Re: [parisc-linux] Re: Comments?

[John David Anglin]

> Here is a place in arch/parisc/kernel/signal.c where there is a
> problem with transferring a pointer:
> 
>           err |= __put_user(current->sas_ss_size, &frame->uc.uc_stack.ss_s
> 
> The type of ss_sp is void *.  There are also similar problems in
> kernel/signal.c (si_ptr and si_addr).  In this case, the current version
> of put_user will transfer 64-bits when using a hppa64 kernel.

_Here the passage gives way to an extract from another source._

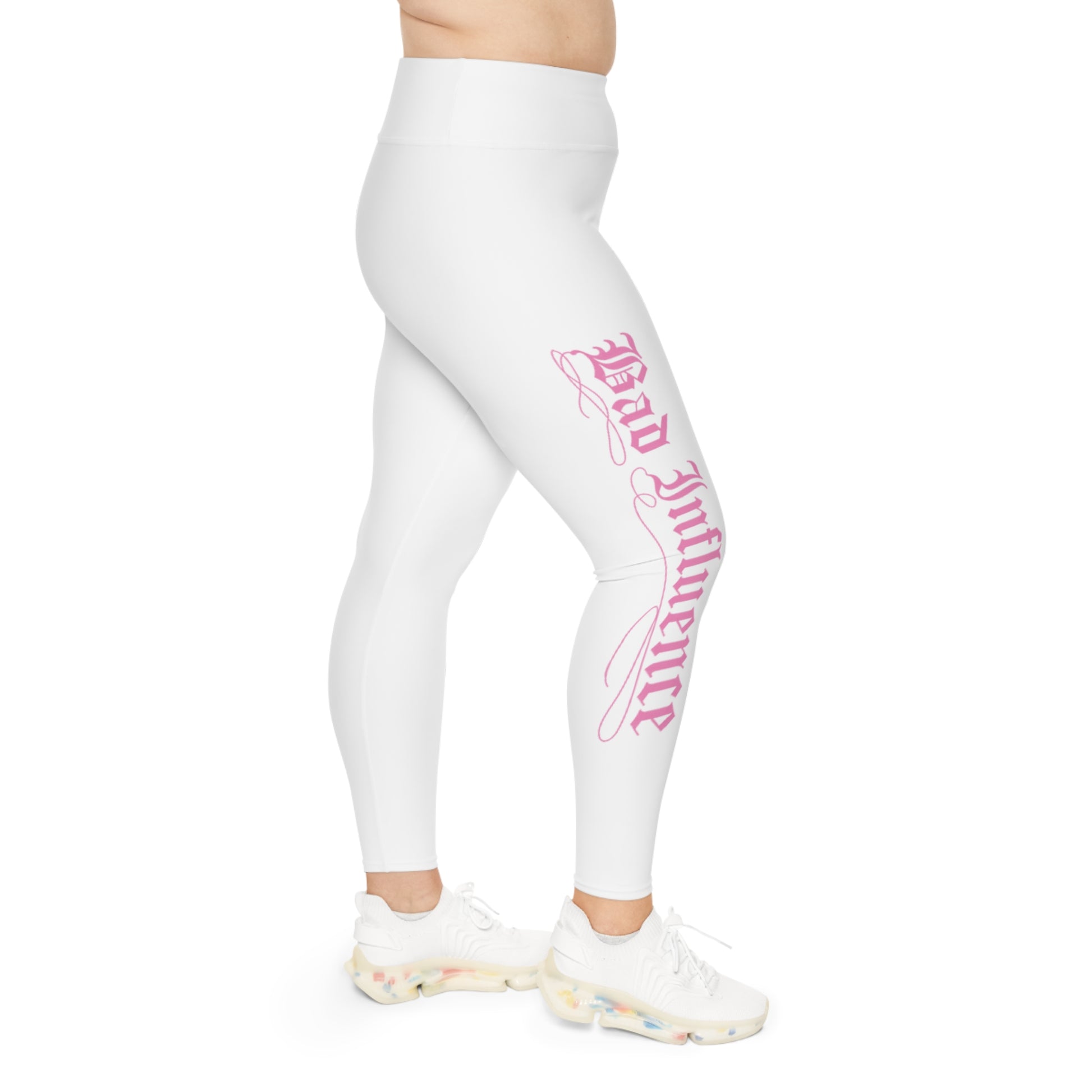 Comfortable Bad Influence sweat pants in old English design for plus size individuals, perfect for leisure or activewear. Gives off a laid-back and rebellious vibe, ideal for those looking to make a statement. Relevant for casual wear, lounging at home, streetwear fashion, and themed parties.

I should have added that that the kernel should only transfer 32 bits in
this case.

Dave
-- 
J. David Anglin                                  dave.anglin@nrc-cnrc.gc.ca
National Research Council of Canada              (613) 990-0752 (FAX: 952-6602)
_______________________________________________
parisc-linux mailing list
parisc-linux@lists.parisc-linux.org
http://lists.parisc-linux.org/mailman/listinfo/parisc-linux

[parisc-linux] Re: Comments?

[John David Anglin]

> > > I think we have somehow broken __cffc.  I did a binutils build
> > > yesterday and various ld tests are now failing.  These are tests
> > > that compare function pointers.
> > 
> > I didn't feed anything new into debian-glibc. All my patches have always
> > strived to keep __cffc working, if I messup the function pointer
> > comparison I get a slew of glibc testsuite failures which I always
> > patchup by making sure __cffc works :)
> 
> I haven't touched fptr.c either, although there is a change in GCC
> 4.0 with respect to canonicalization.  I'm using the debian glibc,
> 2.3.2.ds1-20, on the system on which I noticed this problem.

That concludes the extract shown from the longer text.